You want to build a JAR file.

3.14.2 Solution

Use Ant's jar task.

3.14.3 Discussion

The jar task creates JAR files, as expected. In its simplest form, you specify the name of the new JAR file along with the directory containing files to add to the archive. All files in the directory specified by basedir along with subdirectories and files are added:

<jar jarfile="${dir.dist}/oreilly.jar" 
     basedir="${dir.build}"/>

The jar task tries to be as efficient as possible. Before creating a new JAR, it checks for an existing archive and compares file timestamps. In our example, oreilly.jar is only created if it does not exist, or if any of the files in ${dir.build} are newer than oreilly.jar.

This next example refines our operation by only including .class files, unless they are unit tests matching the Test*.class pattern:

<jar jarfile="${dir.dist}/oreilly.jar" 
     basedir="${dir.build}"
     includes="**/*.class"
     excludes="**/Test*.class"/>

The includes and excludes attributes use the ** pattern to represent any subdirectory. Use nested <fileset> tags for more sophisticated selections:

<jar jarfile="${dir.dist}/oreilly.jar">
  <fileset dir="${dir.build}" 
           includes="**/*.class"
           excludes="**/Test*.class"/>
  <fileset dir="${dir.src}"
           includes="**/*.properties"/>
</jar>

This JAR file consists of all .class files (except for Test*.class) in the build directory tree. It also contains all .properties files under the source directory tree.

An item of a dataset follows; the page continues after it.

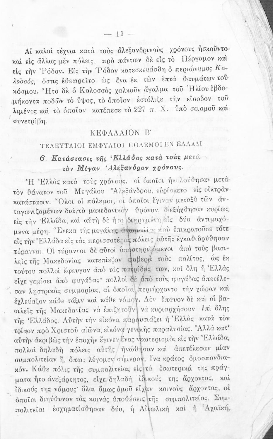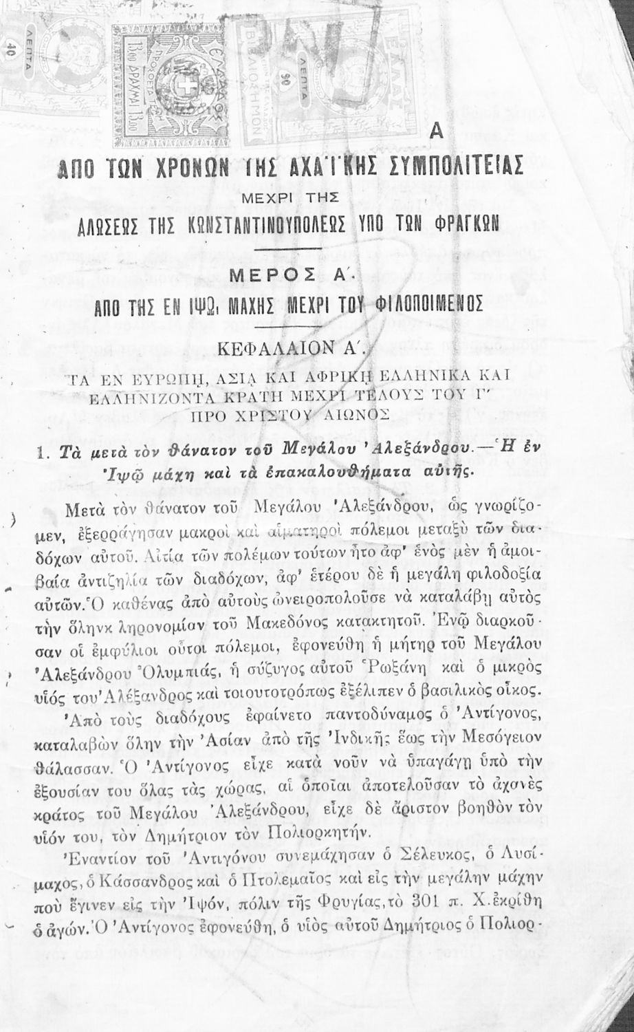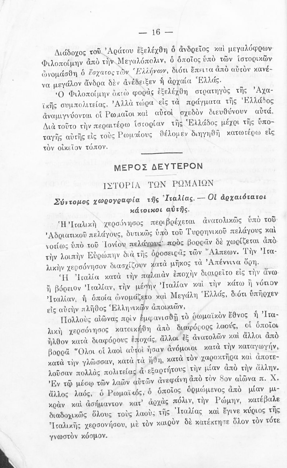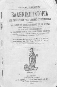 Βαθμίδα εκπαίδευσης: Δευτεροβάθμια Τάξη: Β' Ελληνικού Σχολείου Μάθημα: Ιστορία Γλώσσα: Καθαρεύουσα Παρουσίαση περιεχομένου: Σχολικό εγχειρίδιο Ιστορίας Β' Ελληνικού Σχολείου που καλύπτει την περίοδο από την Αχαϊκή Συμπολιτεία μέχρι την άλωση της Κωνσταντινούπολης από τους Φράγκους |

Ant makes it completely trivial to exclude test cases from a production JAR fileliterally, less than one line of text in the build file. Some teams make their lives quite hard by having a separate source tree for their test classes, enduring all kinds of IDE gymnastics because they are mortified they might inflate their production JARs with test cases.

3.14.4 See Also

Recipe 3.10 covers Ant's pattern-matching syntax.